The rest of the autopsy room was a beehive of activity with all eight tables in use, but Jack was oblivious to it all. He now had a preliminary diagnosis as to the cause of Keara’s death, and his attention was focused. The arteriogram showed an almost complete blockage of both vertebral arteries, the source of much of the brain’s blood supply. The blockage appeared to have occurred over a relatively short period of time. But why? Was it a natural occurrence, as in some sort of emboli, or accidental, like an injury? The fact that it was so symmetrical was the most difficult to explain. It was a unique case for Jack, and he had eased up on himself for not thinking of doing a vertebral arteriogram before removing the brain. It had been a mistake but ultimately not detrimental.

Twenty minutes later, Vinnie leaned down to view Jack’s handiwork. “It’s looking good to me,” he said.

Jack straightened up, pleased. The field looked like an anatomy textbook illustration of the course of the vertebral arteries, particularly at the base of the skull. “Can you see the bluish discoloration and swelling around the S-curves on both sides?” Jack asked. “Come around to get a better look.”

Vinnie traded places with Jack. From that vantage point he could see what Jack was referring to. Each vertebral artery had a two- to three-inch section with a swollen bluish cast, the right slightly more pronounced than the left. “What do you think it is?” Vinnie said.

Jack shrugged. “Looks to me like an injury of some kind, but since there was zero bruising on her neck, it’s a bit strange.
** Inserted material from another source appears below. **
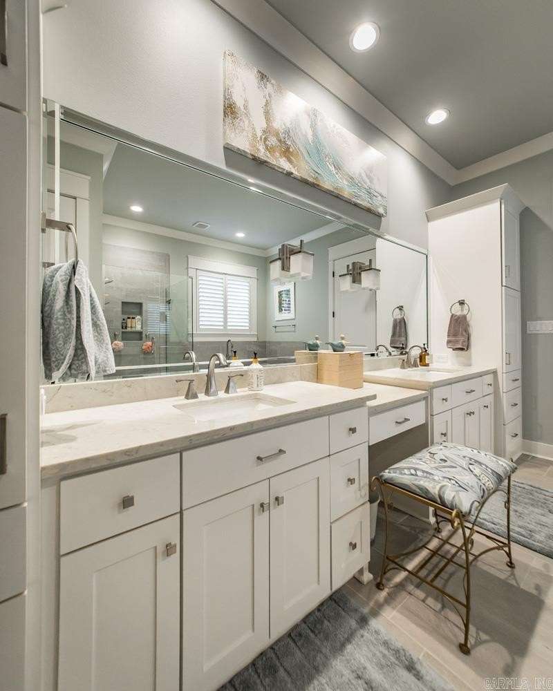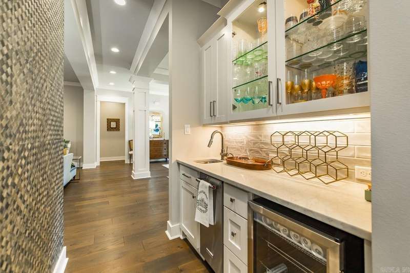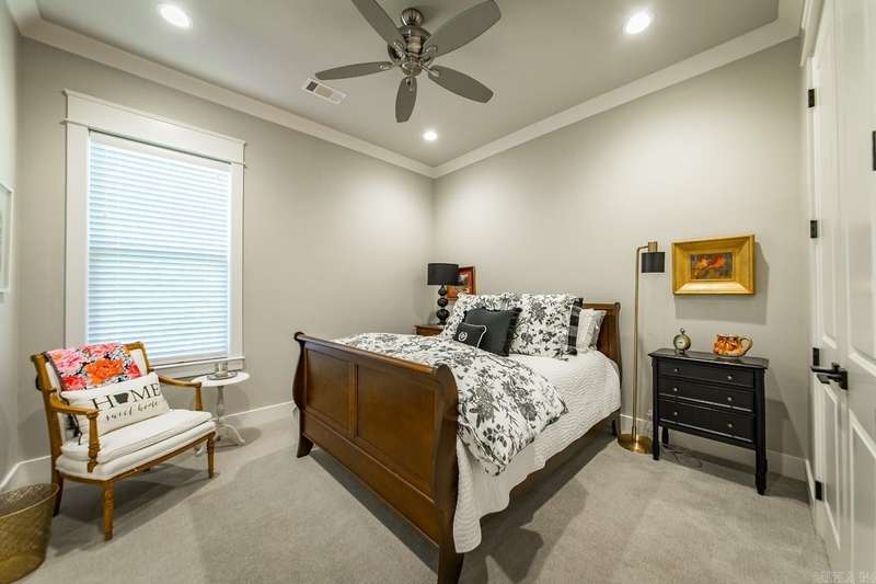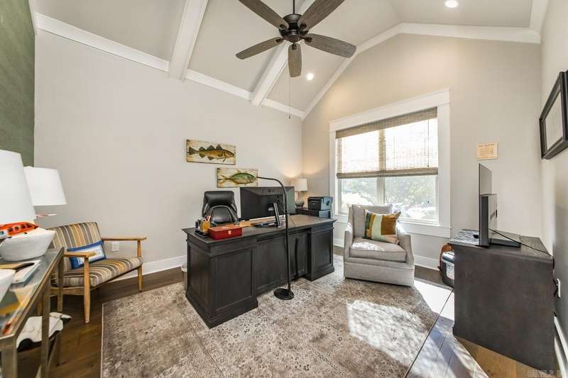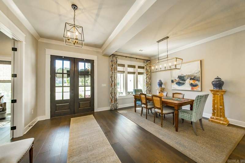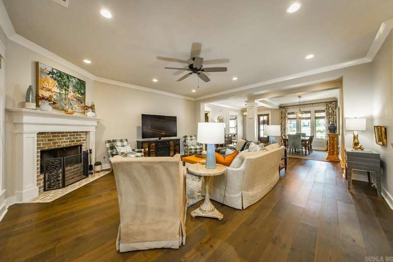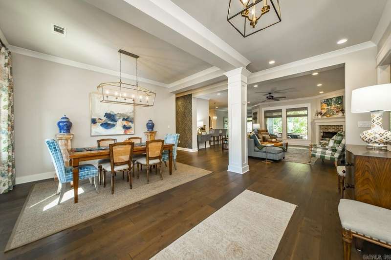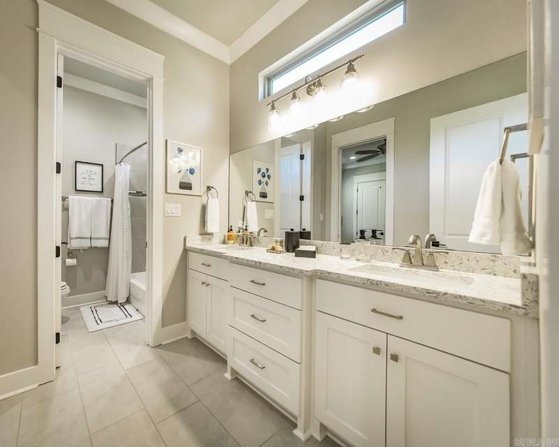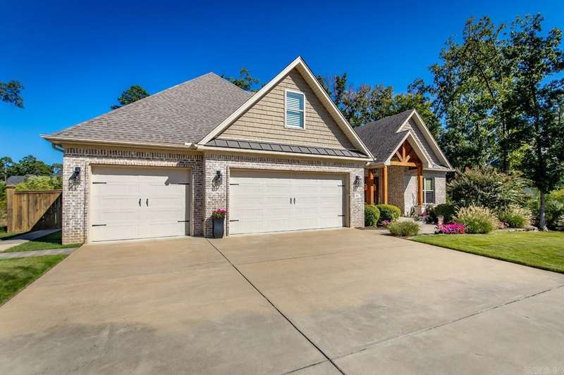 PREMIER 3,960 SQ FT LUXURY IN CHENAL VALLEY'S ENSBURY PLACE! This exceptional 5 bedroom, 4.5 bath home is designed for sophisticated living. Step inside the grand open-concept floor plan featuring striking 10-foot ceilings and natural light. Gather around the warm wood-burning fireplace in the living room on chilly evenings. The spectacular Owner's Suite is a true sanctuary with an oversized walk-in closet and a spa-like bath boasting a soaking tub and separate walk-in shower.. Outdoor entertaining is effortless on the covered porch, complete with its own wood-burning fireplace and dedicated TV hookup. Location is unparalleled: enjoy a 1-minute golf cart ride to Chenal Country Club's Bear Den Course! The home is supported by high-end features, including an oversized 3-car garage, dual tankless water heaters, a home security system, and an in-bar fridge/ice maker. The property boasts beautiful, enhanced landscaping maintained by an irrigation system. A new EZ-GO golf cart is also available for separate purchase.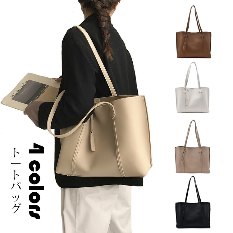 トートバッグ レディース ショルダーバッグ 2 ハンドバッグ 風 おしゃれ 鞄 通学 通勤用バッグ 横型 肩掛け 手持ち 大容量 軽い 純色 革バッグ 手提げ袋 お洒落 人気 選べる4色

In fact, she had no signs of trauma of any form. And it’s peculiar how symmetrical it is.”

“Could it be a whiplash injury, something like that?”

“I suppose it could, but there’d be the history of the automobile accident. When I glanced through the medicolegal investigation report, there’d been no mention of any auto accident. I think I might be in for a bit of investigative work myself. There has to be an explanation.”